The race was also a head race, meaning the boats were timed instead of racing side by side. This, along with the openweight field, sets a challenging race for the lightweight boats.

“Head races can be challenging when boats begin to pass one another and both want to take the inside of a turn, especially on a river as winding as the Charles,” McEvoy said. “The boats may become spread out, so another team could beat you by seconds without you ever realizing that the race was so close.”

Although this format tested the rowers, it also allowed the Radcliffe lightweights to pace themselves off he heavyweight boats. Guhan alerted her teammates  to the positions of competing boats throughout the race.

“As a coxswain, how I deal with [a head race] is I just continue to call out those other boats,” Guhan said. “It’s even more exciting if you can beat them because we’re not even supposed to be competing against them.”

The weather provided another challenge, as the race took place in 34 degree weather, with a 12 mph headwind.

“The weather conditions were definitely not ideal,” McEvoy said. “The wind-chill was uncomfortable, but the strong headwind proved to be much more of a problem for us.

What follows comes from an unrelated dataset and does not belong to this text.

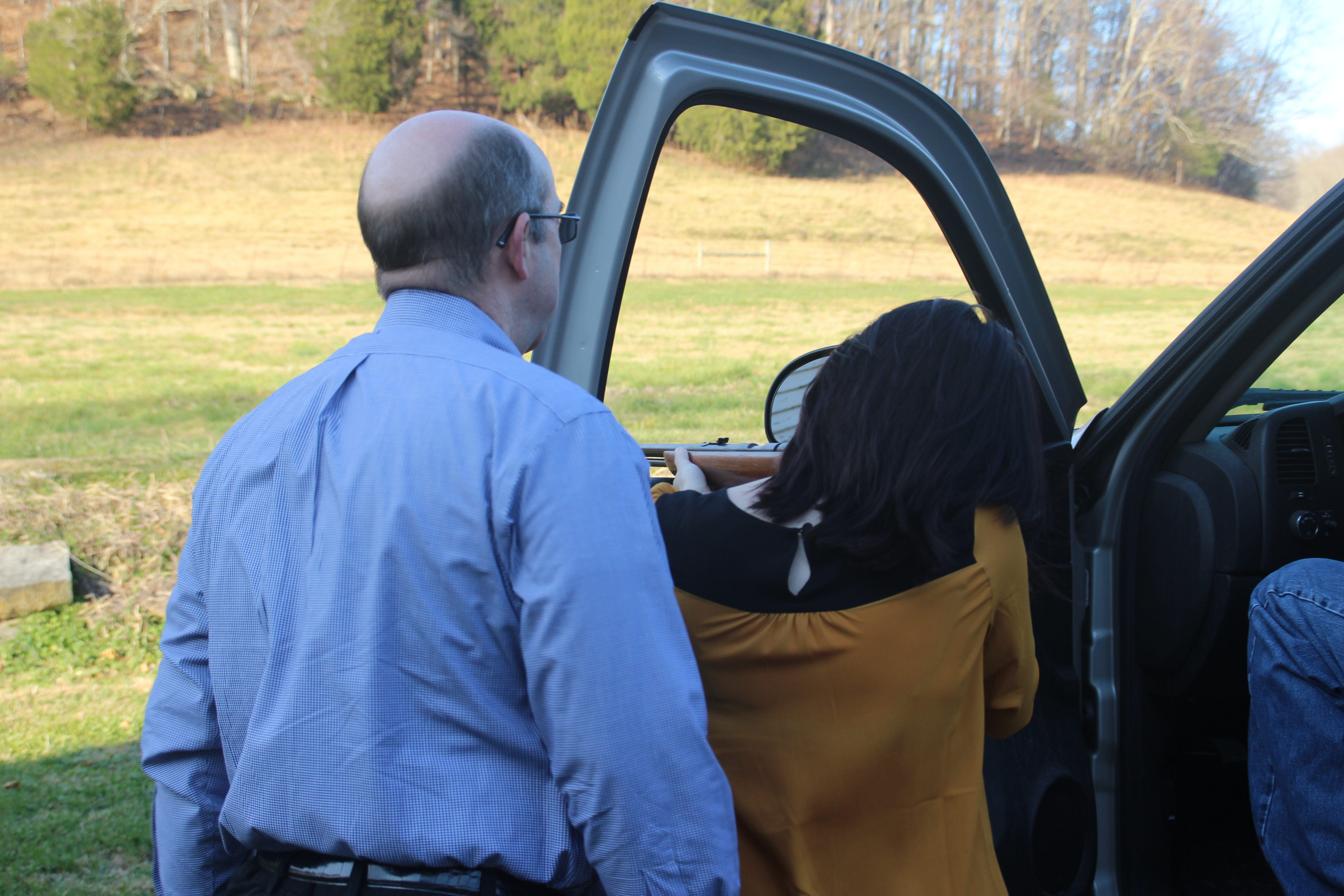 I’m not really sure how we got on the topic, but I asked Uncle Brian if there were any guns I could shoot for fun.  After our noon Thanksgiving meal, he came back with a 22 rifle.  We piled into Papa’s truck and headed to one of the farms to do some damage.

It made us lose our rhythm several times throughout the race.”

Despite the weather and format changes, racing on home turf proved an advantage for Radcliffe.

“The nice thing about going to Harvard is that we get to practice on this river every day,” Guhan said. “We know the course very well. We know exactly what to expect.”

Perhaps the most significant aspect of the regatta was that it marked the close of the Black and White’s fall season. Now, the rowers look toward winter training to prepare for their main season in the spring.

“We’re at a really good point right now,” Henry said. “We’re getting very motivated to stay focused during the winter months, and stay training so we can come back and have a great spring season.”